The maize recombination landscape evolved during domestication

Authors: EPSTEIN, RUTH - Cornell University; WHEELER, JJ - Cornell University; HUBISZ, MELISSA - Cornell University; SUN, QI - Cornell University; BUKOWSKI, ROBERT - Cornell University; ZHAI, JINGJING - Cornell University; LAI, WEI-YUN - Cornell University; Buckler Iv, Edward; PAWLOWSKI, WOJTEK - Cornell University

Submitted to: bioRxiv
Publication Type: Other
Publication Acceptance Date: 11/6/2024
Publication Date: N/A
Citation: N/A
DOI: https://doi.org/10.1101/2024.11.04.621928

Interpretive Summary: ARS scientists investigated how the recombination landscape in maize evolved during its domestication from teosinte, its wild ancestor. They found that maize has a 12% higher genome-wide recombination rate, especially in gene-rich regions in the middle of chromosomes. This shift was likely driven by reduced interference between chromosome crossover events and selection on genes that regulate recombination. The increase in recombination in key genomic regions helped reduce harmful mutations and allowed beneficial traits tied to domestication to evolve more efficiently. These findings show that changes in recombination patterns were an important part of maize’s adaptation and success as a crop.

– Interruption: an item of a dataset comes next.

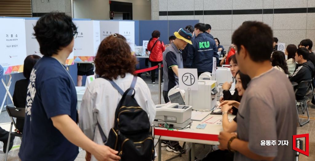 제21대 대통령선거 사전투표 첫날인 29일 서울 중랑구 중랑구청에 마련된 신내2동 사전투표소에서 유권자들이 투표하기 위헤 줄을 서고 있다.
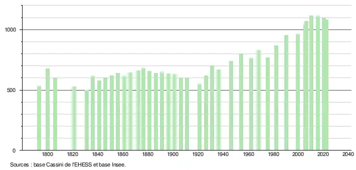 L'évolution du nombre d'habitants est connue à travers les recensements de la population effectués dans la commune depuis 1793. Pour les communes de moins de 10 000 habitants, une enquête de recensement portant sur toute la population est réalisée tous les cinq ans, les populations de référence des années intermédiaires étant quant à elles estimées par interpolation ou extrapolation[16]. Pour la commune, le premier recensement exhaustif entrant dans le cadre du nouveau dispositif a été réalisé en 2005[17].

Technical Abstract: Meiotic recombination is an important evolutionary process because it can increase the amount of genetic variation within populations through the breakage of unfavorable linkages and creation of novel allelic combinations. Despite the plethora of knowledge about population-level benefits of recombination and numerous theoretical studies examining how recombination rates can evolve over time, there is a lack of empirical evidence for any hypotheses that have been put forward. To alleviate this gap in knowledge, we characterized the evolution of the recombination landscape in Zea mays ssp. mays (maize) during its domestication from Zea mays ssp. parviglumis (teosinte), explored hypotheses that permitted the evolution of the maize recombination landscape and tied these alterations to changes in the genetic basis of recombination. Using experimental populations and the population genomics approach of ancestral recombination graph (ARG) inference, our data demonstrated that maize had a 12% increase in its genome-wide recombination rate during domestication. Although the maize and teosinte recombination landscapes are highly correlated, r = 0.85 at 1Mb resolution, maize has evolved to have higher recombining regions in interstitial chromosome regions, compared to teosinte which only harbors high recombining regions sub-telomerically. Our data show that the re-patterning of COs towards interstitial chromosome regions came from reduced CO interference levels within maize. Supporting the idea that CO interference is reduced within maize, we found evidence for selection acting on trans-acting recombination-modifiers that participate in the class I CO pathway or CO interference directly. Lastly, we showed that the re-patterning of COs was beneficial to maize evolution because regions that significantly increased in recombination were targeted to gene-rich regions harboring domestication related loci. Because we found regions with significant increases in recombination had a lower deleterious mutation load, compared to regions with decreases in recombination, we concluded that the domestication-related variation in these regions, in which selection acted upon during domestication, was shielded from the Hill-Robertson effect. In conclusion, the re-patterning of CO events during domestication allowed maize to adapt and evolve at a faster rate than previously understood.